You are viewing a plain text version of this content. The canonical link for it is here.
Posted to c-dev@xerces.apache.org by Floroiu John <fl...@fokus.gmd.de> on 2000/06/05 21:55:16 UTC

transcoding &#...; characters


Hello,


I am running Xerces DOM (built from Xerces-C-src_1_1_0.tar.gz) on a
Linux machine and I am having problems in "transcode"-ing strings
_containing_ character references (like &#226;). The problem with these
strings is that they are converted to null strings.

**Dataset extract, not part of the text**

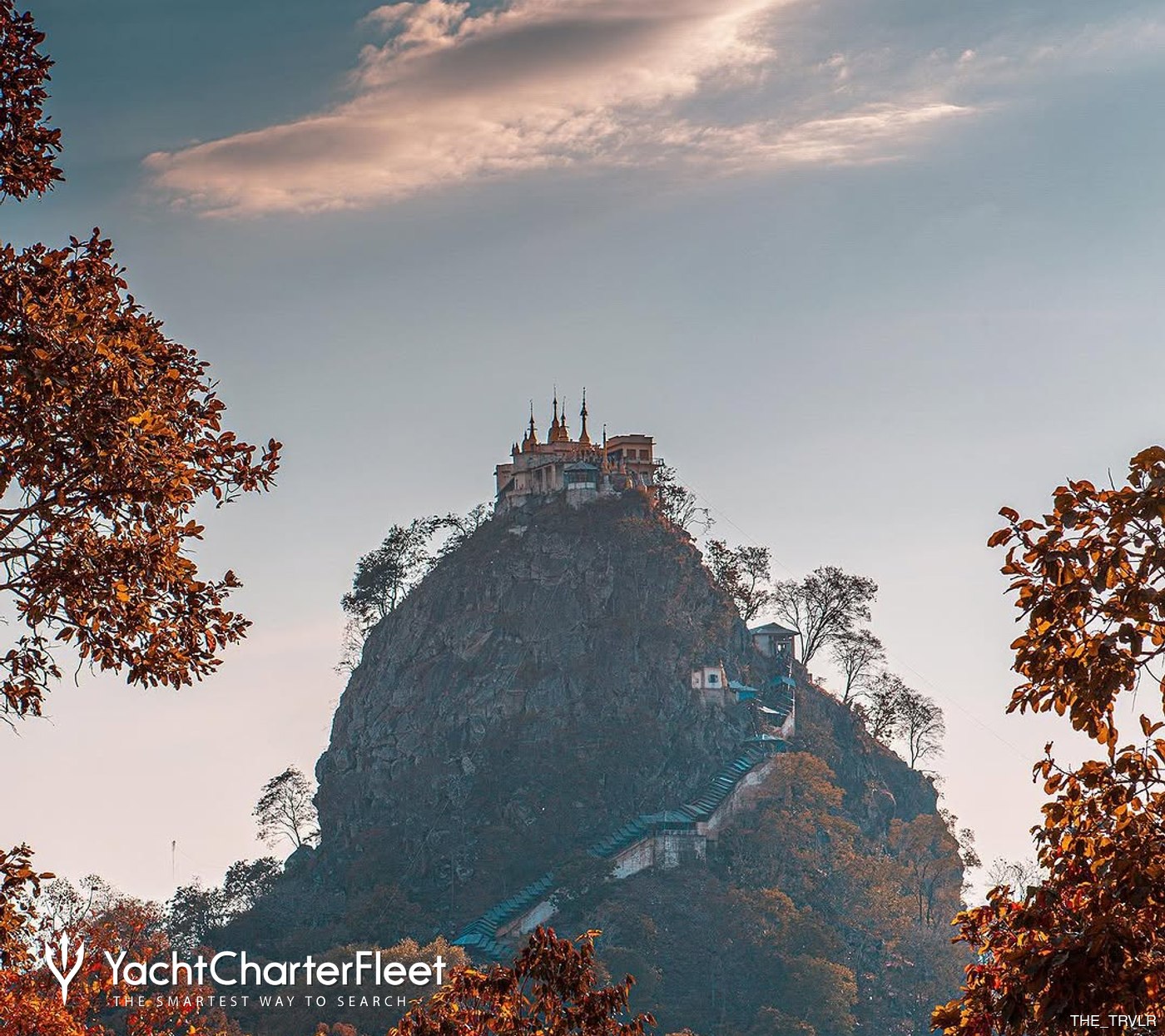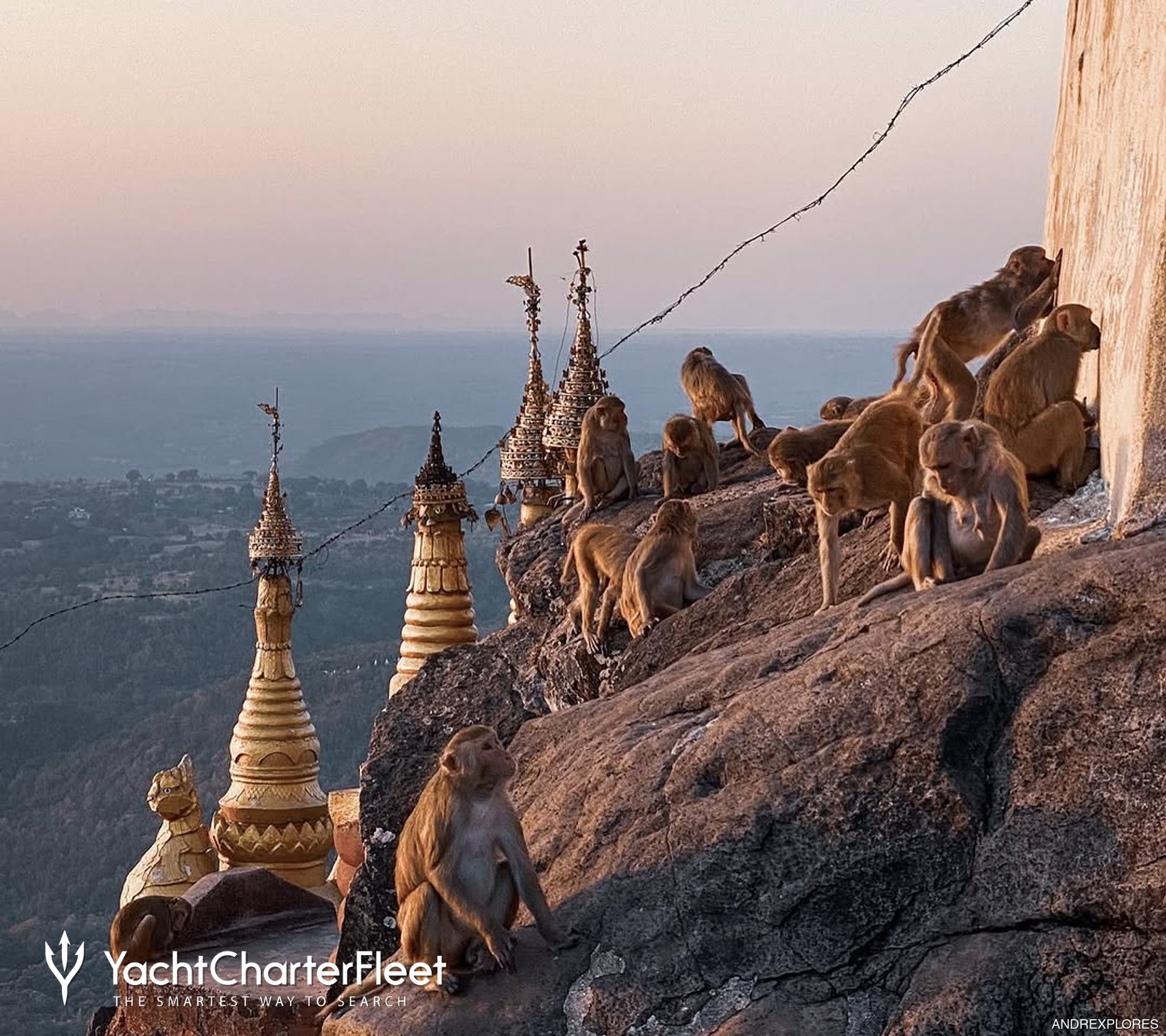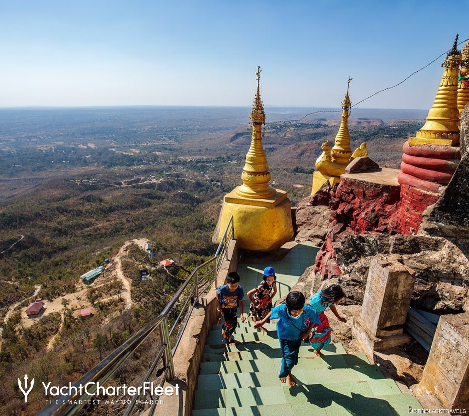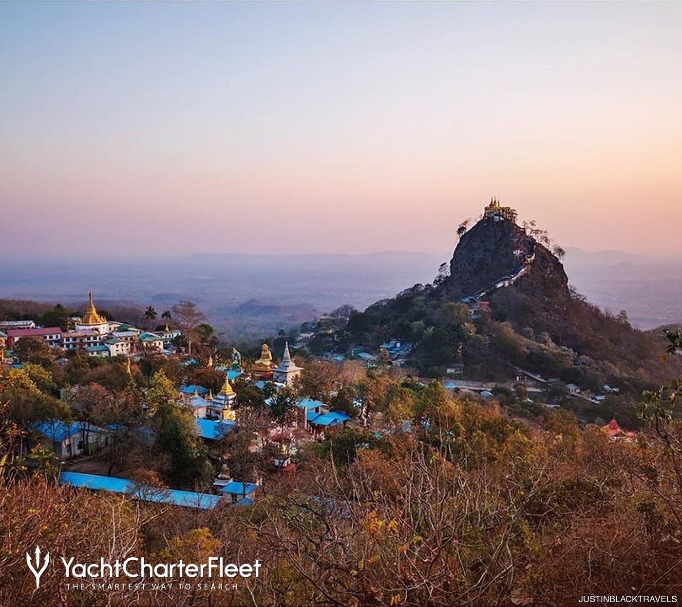 Though inland, Mount Popa can be part of a luxury journey through Myanmar. Yacht charter guests often pair island exploration with inland experiences for a more complete view of the country.

I saw some earlier messages on the list addressing a similar problem and
I added

char* currentLocale = setlocale(LC_ALL, "");

into the code, but it did not help. Any suggestions would be greatly
appreciated.


Thanks in advance,
John.

Re: transcoding &#...; characters

Posted by Floroiu John <fl...@fokus.gmd.de>.

Hi Dean,


So, an example would be:

  <color>
         <name>Farben</name>
         <or>
                <string>blau</string>
                <string>wei&#223;</string>
                <string>schwartz</string>
         </or>
  </color>

which basically wants to say that the color of a certain object can be
blue or white or black (...).
The string wei&#223; which is actually "weiß" (the german word for
white) is transcoded into a null string (containing just a '\0').
Using &#xdf; or &szlig; which are the ISO 8859-1 equivalents for 'ß'
lead to the same result.
On the other hand, characters like &#x3c (which is '<') work OK, so
definitely is a problem with the characters having the code grater than
127.


Thank you,
John.

Re: transcoding &#...; characters

Posted by Dean Roddey <dr...@charmedquark.com>.
Can you give a specific example of the problem, in a real XML file?

--------------------------
Dean Roddey
The CIDLib Class Libraries
Charmed Quark Software
droddey@charmedquark.com
http://www.charmedquark.com

"Give me immortality, or give me death"

  ----- Original Message ----- 
  From: Floroiu John 
  To: xerces 
  Sent: Monday, June 05, 2000 12:55 PM
  Subject: transcoding &#...; characters


    
  Hello, 
    

  I am running Xerces DOM (built from Xerces-C-src_1_1_0.tar.gz) on a Linux machine and I am having problems in "transcode"-ing strings _containing_ character references (like &#226;). The problem with these strings is that they are converted to null strings. 

  I saw some earlier messages on the list addressing a similar problem and I added 

  char* currentLocale = setlocale(LC_ALL, ""); 

  into the code, but it did not help. Any suggestions would be greatly appreciated. 
    

  Thanks in advance, 
  John.